(REQUIRED WORK): What is needed is an exact retyping of each entry, pictures excluded.
---+---
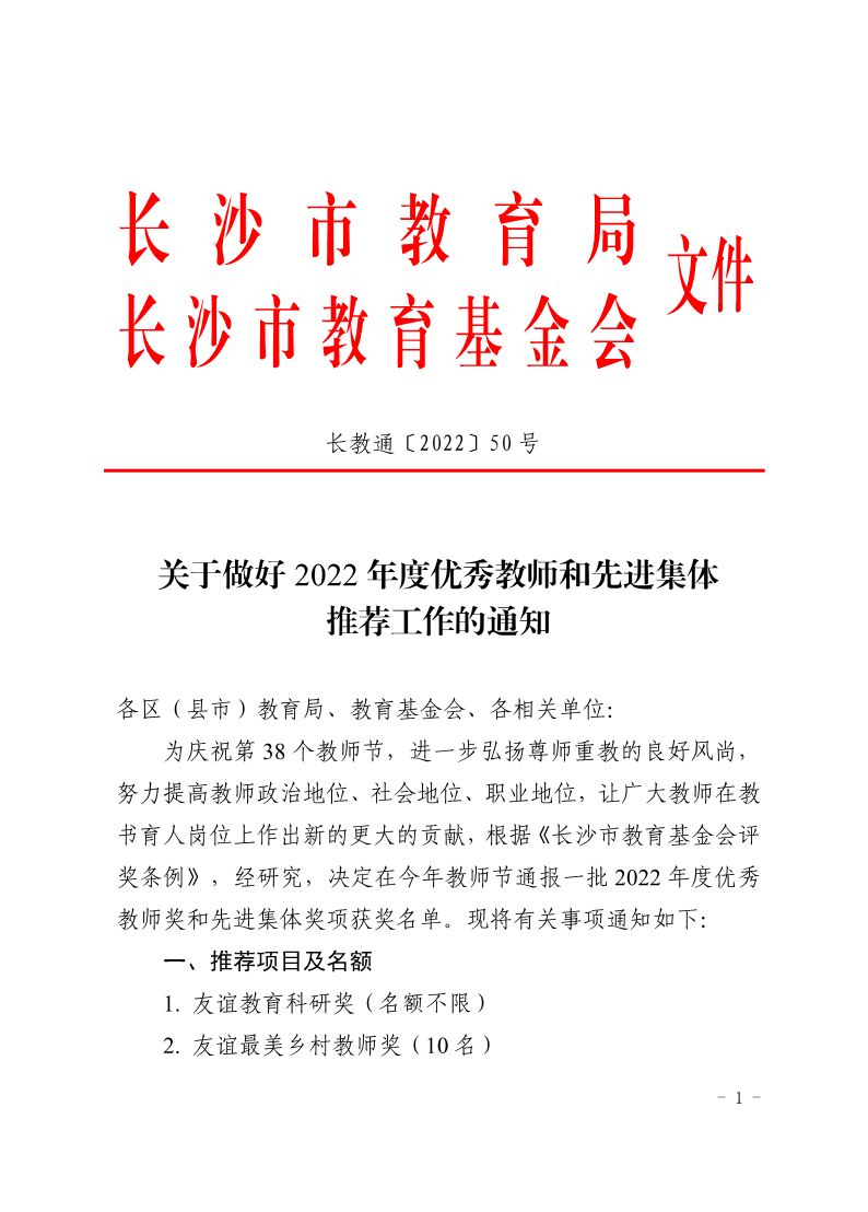 关于做好2022年度优秀教师和先进集体推荐工作的通知
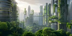 Innovative Green Architecture with Dense Plant Life on Skyscraper background - Ai Generated
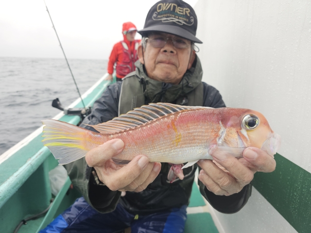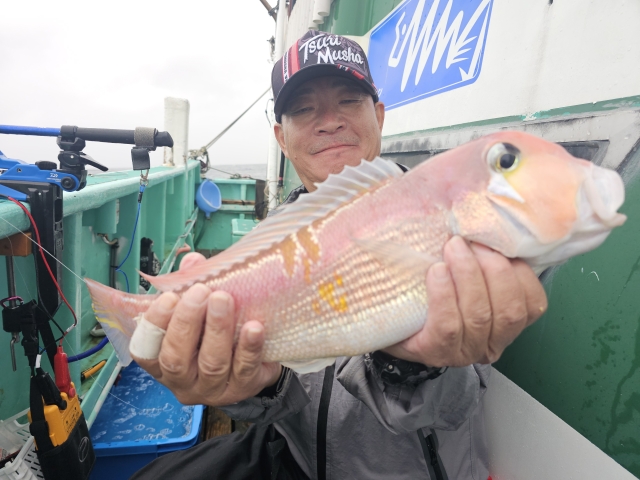 アマダイ 32-43cm 0-5匹 レンコダイ 15-31cm 0-6匹 アヤメカサゴ 17-24cm 1-6匹 アジ 23-23cm 0-2匹 シキシマハナダイ 22-24cm 2匹 ウッカリカサゴ 23-32cm 0-1匹 甘鯛狙いの乗り合いで出船。 6名様のエントリーでした。 甘鯛43cm頭に0~5匹、 船中16匹でした。 詳しく釣果を出すと、 竿頭は5匹で2名様! 3匹、2匹、1匹で、 0の方は船に上げるの失敗で、 甘鯛は海にお帰りになりました(汗) 見えてただけに残念でした。 連子鯛は船中19匹(もっと居たはず)。 後はアジやシキシマハナダイ、 アヤメにウッカリ、鬼(極小)でした。 天候が悪い中、有難う御座いました。 水温25.0度~25.6度
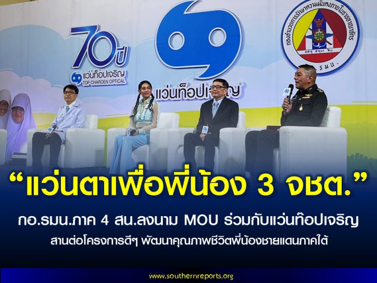 “แว่นตาเพื่อพี่น้อง 3 จชต.” กอ.รมน.ภาค 4 สน.ลงนาม MOU ร่วมกับแว่นท๊อปเจริญ สานต่อโครงการดีๆ เพื่อพี่น้องชายแดนภาคใต้
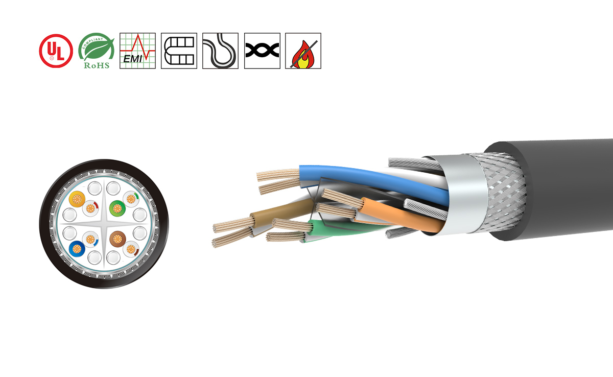 S/FTP:線對(duì)鋁箔屏蔽加鍍錫銅編織
---+---
(TASK RESULT):
 关于做好2022年度优秀教师和先进集体推荐工作的通知
 Innovative Green Architecture with Dense Plant Life on Skyscraper background - Ai Generated
 アマダイ 32-43cm 0-5匹 レンコダイ 15-31cm 0-6匹 アヤメカサゴ 17-24cm 1-6匹 アジ 23-23cm 0-2匹 シキシマハナダイ 22-24cm 2匹 ウッカリカサゴ 23-32cm 0-1匹 甘鯛狙いの乗り合いで出船。 6名様のエントリーでした。 甘鯛43cm頭に0~5匹、 船中16匹でした。 詳しく釣果を出すと、 竿頭は5匹で2名様! 3匹、2匹、1匹で、 0の方は船に上げるの失敗で、 甘鯛は海にお帰りになりました(汗) 見えてただけに残念でした。 連子鯛は船中19匹(もっと居たはず)。 後はアジやシキシマハナダイ、 アヤメにウッカリ、鬼(極小)でした。 天候が悪い中、有難う御座いました。 水温25.0度~25.6度
 “แว่นตาเพื่อพี่น้อง 3 จชต.” กอ.รมน.ภาค 4 สน.ลงนาม MOU ร่วมกับแว่นท๊อปเจริญ สานต่อโครงการดีๆ เพื่อพี่น้องชายแดนภาคใต้
 S/FTP:線對(duì)鋁箔屏蔽加鍍錫銅編織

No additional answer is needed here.